Graveyard: playtest one

We played The Skeletons at Halloween last year and it got me thinking about a riff on it without violence or (mostly) any fantasy elements. The working title for the game is Graveyard, and I’ve already spent quite some time trying to come up with a title in the same vein that hasn’t already been used by a bunch of indie roleplaying games or films, and it’s not easy.

Last night I invited three people, taped up my bedroom window to keep even the scant winter light out, and proceeded to spend an hour in complete silence in the darkness, thinking about death.

Every 4-20 minutes we rouse, as someone comes to the graveyard to remember us. We talk about who it is and what it means, and after everyone has had a visitor, we resume contemplation in silence and darkness.

Snow covered cemetery in black and white
Hietaniemi cemetery in Helsinki, guessing 1995-1996. Photo by me.

What I’ve changed

The Skeletons brings the play together on a map. The players collaborate to draw and update a map that chronicles their tomb’s narrative. My version of that is an evolving graveyard. As time passes in the game, we add and change elements of the graveyeard to echo events in the game. This is all done verbally.

The Skeletons has invaders who breach the tomb, rousing the skeletal guardians the players portray, resulting in brief, bloody action scenes. My version is people who visit the grave, remembering the deceased. There might be conflict, but the deceased do not participate. They are passive.

The Skeletons has short meditation phases between the waking moments. They can be varied by player choice, and are between one and six minutes in length. I wanted to try significantly longer meditation phases, and started from four, going up to twenty.

The Skeletons takes place over a long period in the fiction, potentially millennia, or “ages”. I wanted to try to contain the experience on the deceased, limiting it to the perspective of a single generation: 20-30 years.

The characters in The Skeletons belong to weird fantasy thematically. While some of them might be construed as formerly human, many are something else.

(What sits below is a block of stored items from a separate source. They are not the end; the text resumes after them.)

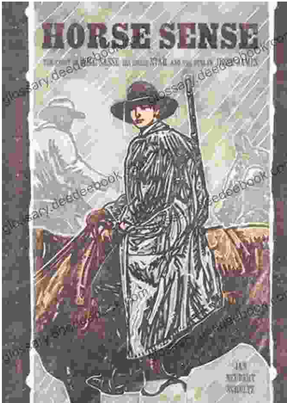
Horse Sense: The Story of Will Sasse, His Horse Star, and the Outlaw Jesse James (Adventures in Time)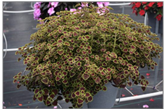
Burgundy Wedding Train Coleus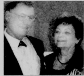
THE SLACKS will celebrate their golden anniversary on July 13.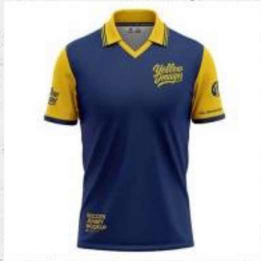
FULL SUBLI POLO SHIRT V-NECK COLLAR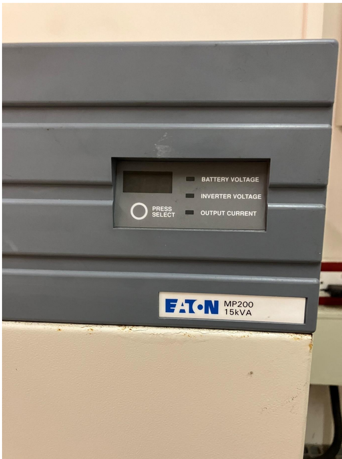
Faulty Eaton 15 kVA UPS in LV Room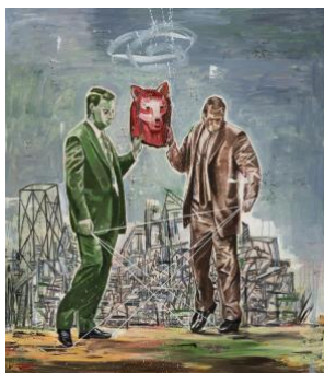
Good natured animal , 2015 oil on canvas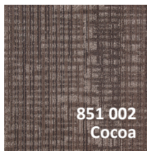
851 002 Cocoa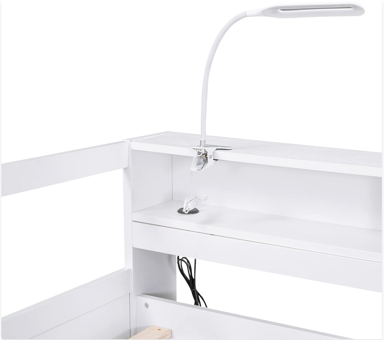
Image 5.4: A close-up of the portable LED light, showing its flexible arm and clip mechanism for attachment to the daybed's frame or cubby.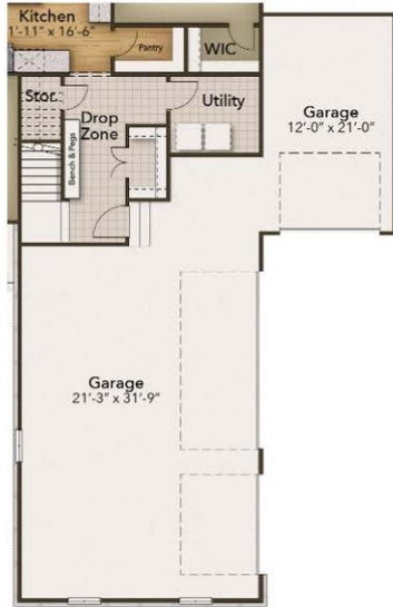
Sideload Third Car Garage with Single Car Garage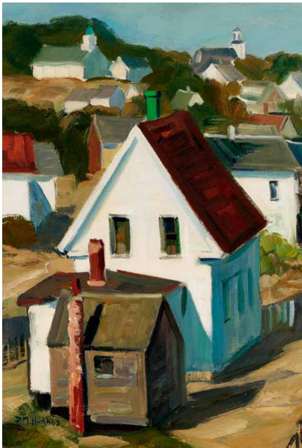
Detail from Houses by Daisy Hughes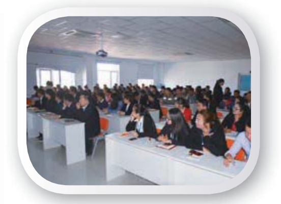
Figure: Occupational Health and Safety Training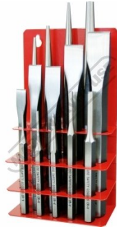
P364 Punch & Cold Chisel Set - 14 Piece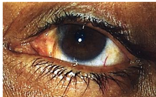
Fig. 1: Pre-operative

The study population comprised of 38 patients (40 eyes). All the 40 pterygia were primary cases. They were subjected to two methods of management and followed up for a duration of six months.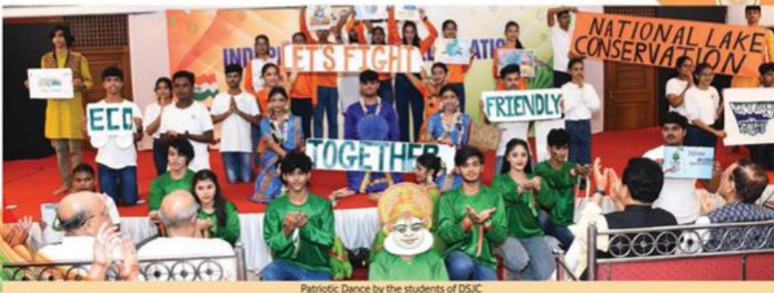
Patriotic Dance by the students of DSJC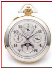
LOT 325 AUDEMARS PIGUET GRANDE COMPLICATION

Other highlights on this Sunday’s auction included pieces from Audemars Piguet , such as this trio of very fine and rare pocket watches Audemars Piguet Complications LOTS 325, 326, & 327 , and two very rare Royal Oak models. LOT 214 , a supremely well-maintained steel Royal Oak Perpetual Calendar , is a reference that owes its rarity due to the fact that during its 15 years in production, only 15 models in stainless steel were sold a year worldwide. LOT 534 , a Royal Oak Quantième Perpetuel , is a very rare example of this reference featuring a salmon dial and has also never been presented at auction before.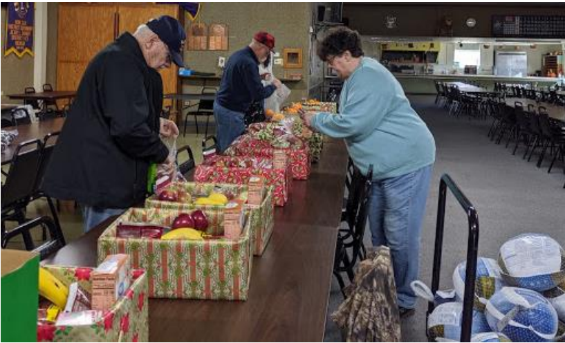
Harrison Lions Club delivery Thanksgiving basket's to our local veterans on November 26, 2019.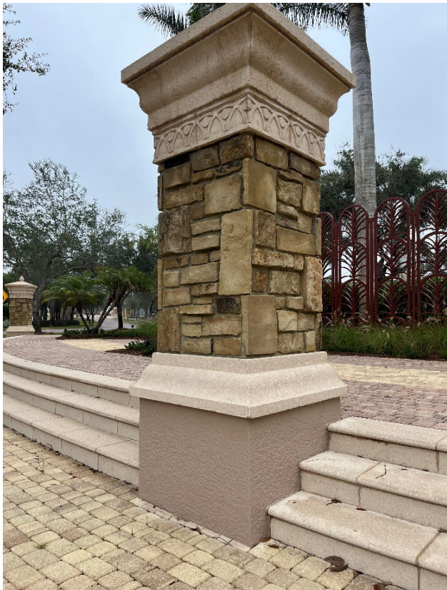
Painting of the main entrance progress.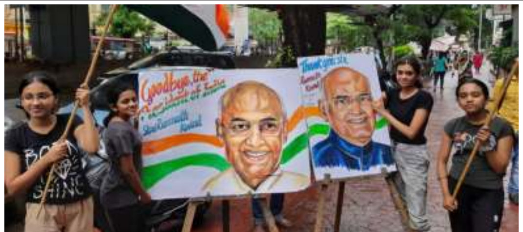
There is a new presidential election on July 18. The present President Ram Nath Kovind served as the President of the country for 5 years. The child artists of Gurukul wished by drawing a picture.

world. There have been many meetings of this group with the PFI. China has donated crores of Rupees to the PFI. It has been revealed during the investigations conducted by the Enforcement Directorate (ED) that Camps Front of India (CFI), a sister organisation of PFI and other such organisations have received Rs. 100 crores. PFI has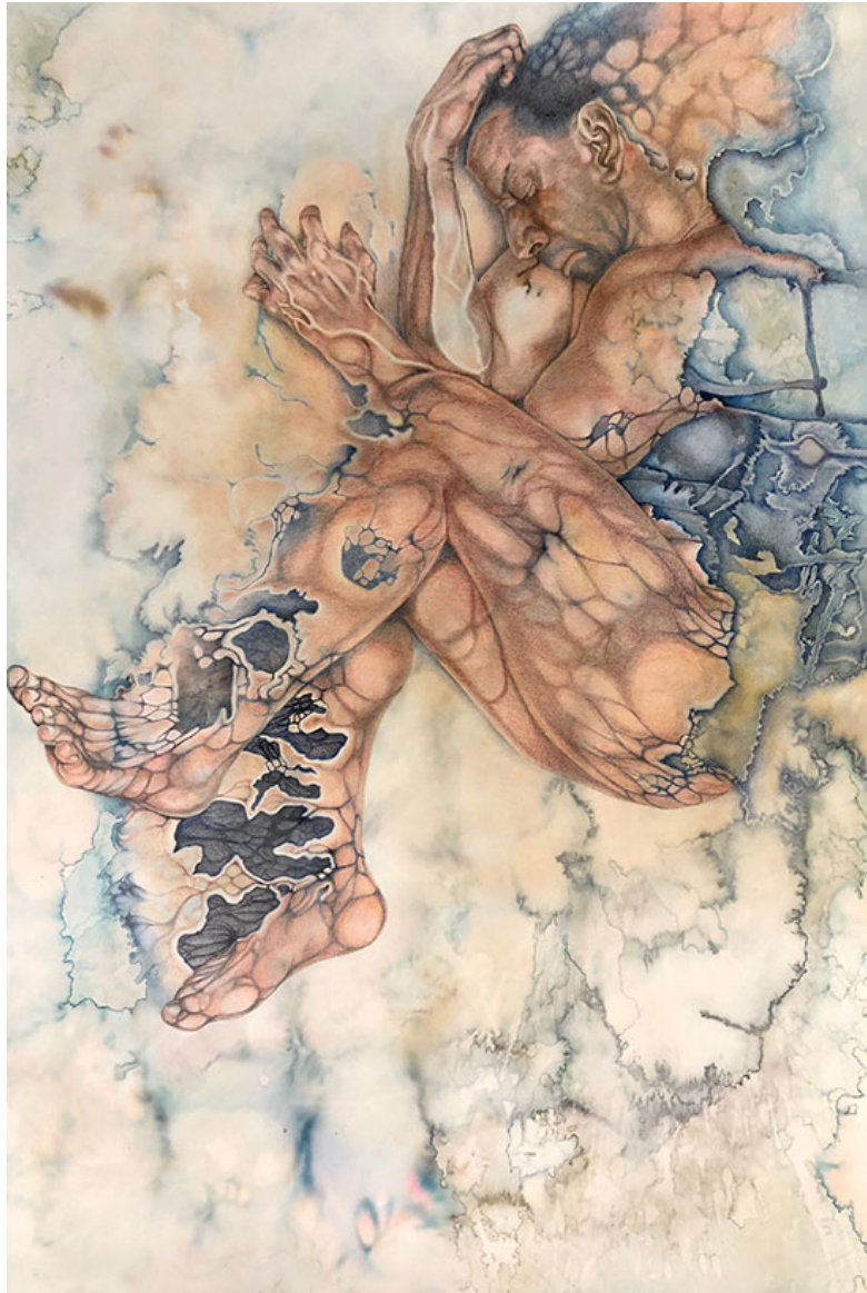
“Incubation” by Anthony Klinger-Cooley, 2018. Colored pencil, watercolor, 38 x 26 inches.

Art featured in the Long Island Biennial can be viewed online by clicking here . In addition, the museum presents artwork by all the artist applications in an online gallery that can be viewed by clicking here . The artists featured in the exhibition will gather on September 16, 2018 from 1 to 3 p.m. for a Gallery Talk at The Heckscher. Museum members are admitted free; admission is $5 for non-members. The exhibition remains on view through November 11, 2018.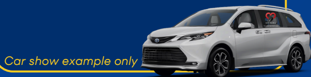
Car show example only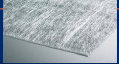
TenCate Polyfelt TS

TenCate Polyfelt TS geotextiles are mechanically bonded continuous filament nonwovens made from 100% UV stabilized polypropylene. They have been used for decades as separation and filtration elements in a large number of civil engineering applications.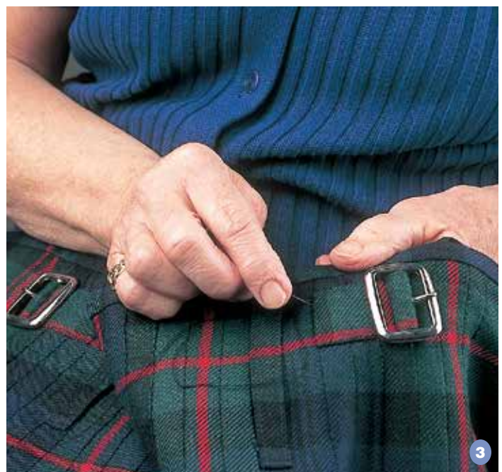
Super Hand Made Deluxe Finish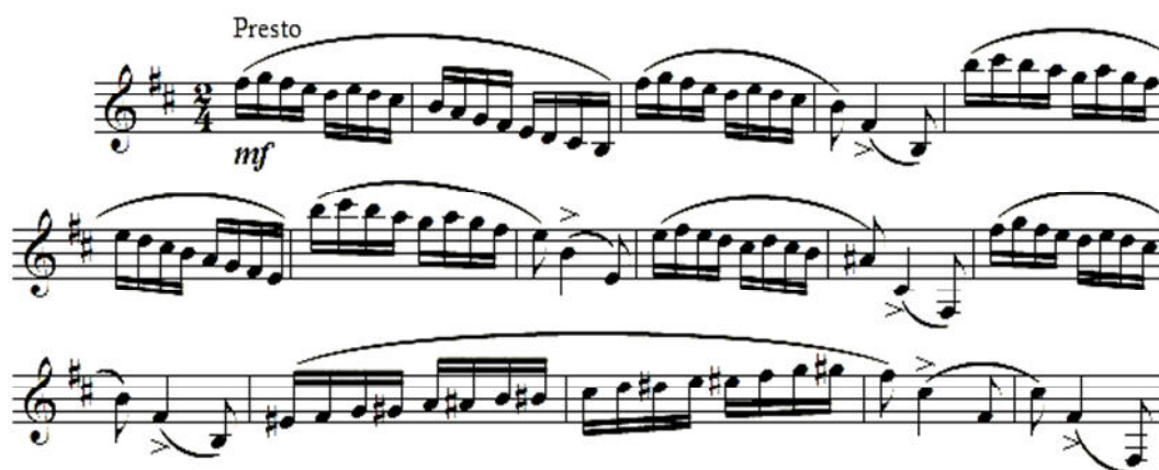
Figure 5. P. Jeanjean, Vingt Etudes Progressives et Mélodiques Pour la Clarinette , Etude No. 12, mesures 1 to 16

The student should pay special attention to keeping equal note values and a warm tone quality while performing this kind of legato passages. Furthermore, in legato passages, the student should be asked to play the notes clearly without any additional middle notes being heard. This approach would help every note to be heard clearly and equally; as a result, it would make the passages smoother. In order to practice these elements, a separate exercise similar to the exercise suggested in figure 6 can be assigned to the student.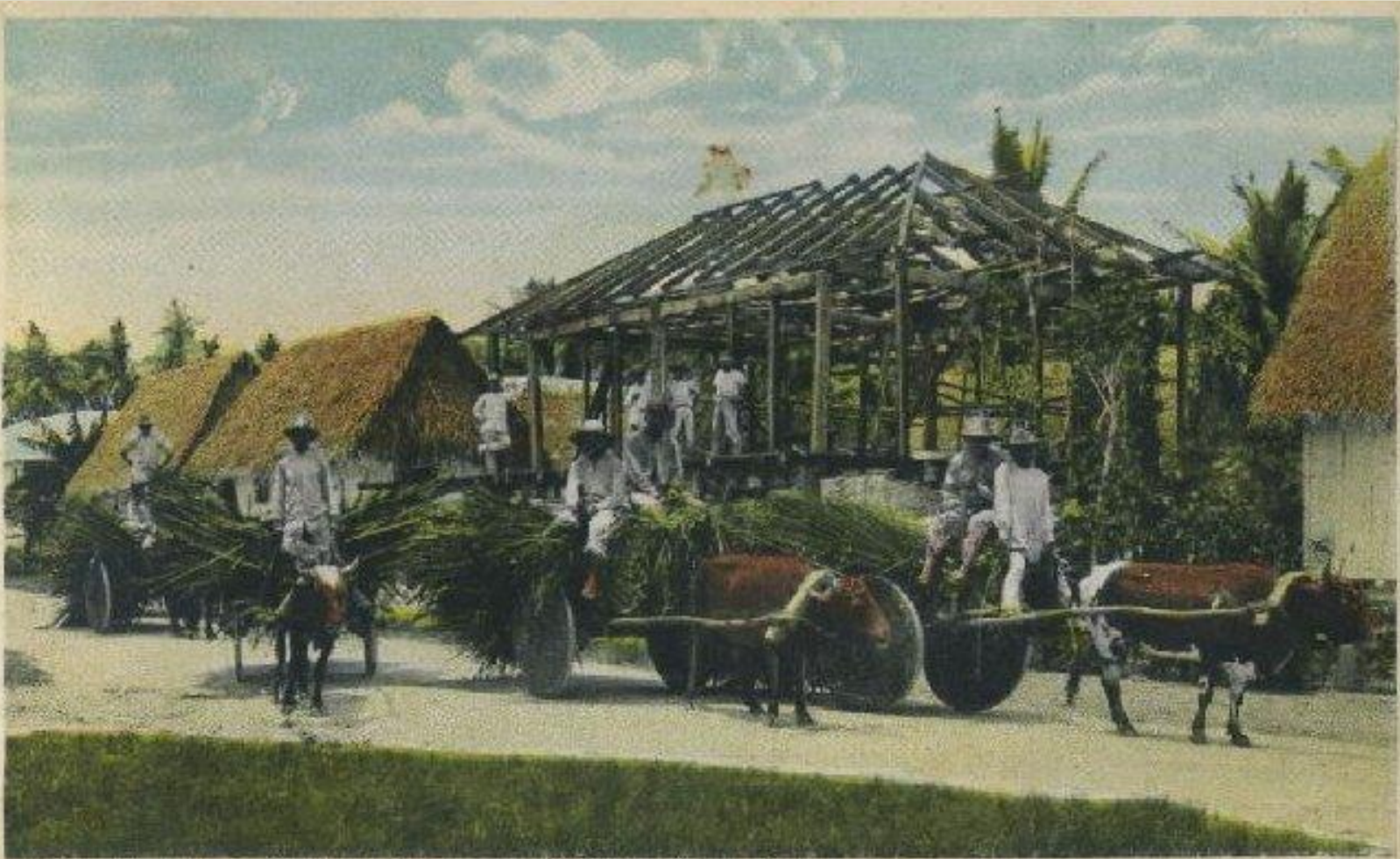
BRINGING IN COCONUT LEAVES FOR ROOFING, GUAM, M. I.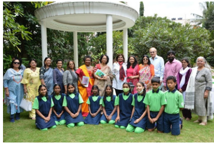
Parikrma children bagged first place in the essay competition held by Art Mantram

I wanted to try a version where the deceased are as close to real life as possible.

How it played

I expected the game to bring up feelings of real loss, longing, and grief, thanks to the real world setting. It did, to a degree, and multiple players were teary by the end, if not outright crying, myself included. But mainly we felt rested, at ease, and comforted. Cathartic and tired also came up. Some had expected a very solitary experience, and instead, community, kindness, and being supported by others were themes in play.

What the meditation does for the game is give you space to immerse in the fiction (for some – for others it had the opposite effect) and really think about the themes in peace: death, remembrance, love, regrets. It’s not usual for us to sit alone with just our thoughts on a subject for minutes on end, much less in a group setting. We don’t usually dwell on death unless we’re in mourning or dreading the impending death of someone close, and allowing ourselves to go there in relative peace, for a good long while, felt like it removed some of the threat, shining a warm light on it.

It depends on the person how the longer meditation phases work for them. I feel a degree of player control could help here, perhaps having a baseline option (probably ten minutes), with a rotating order of a player getting to adjust that. What was common is a need to have something to focus on during the meditation. I believe I’ll add simple prompts for each game turn.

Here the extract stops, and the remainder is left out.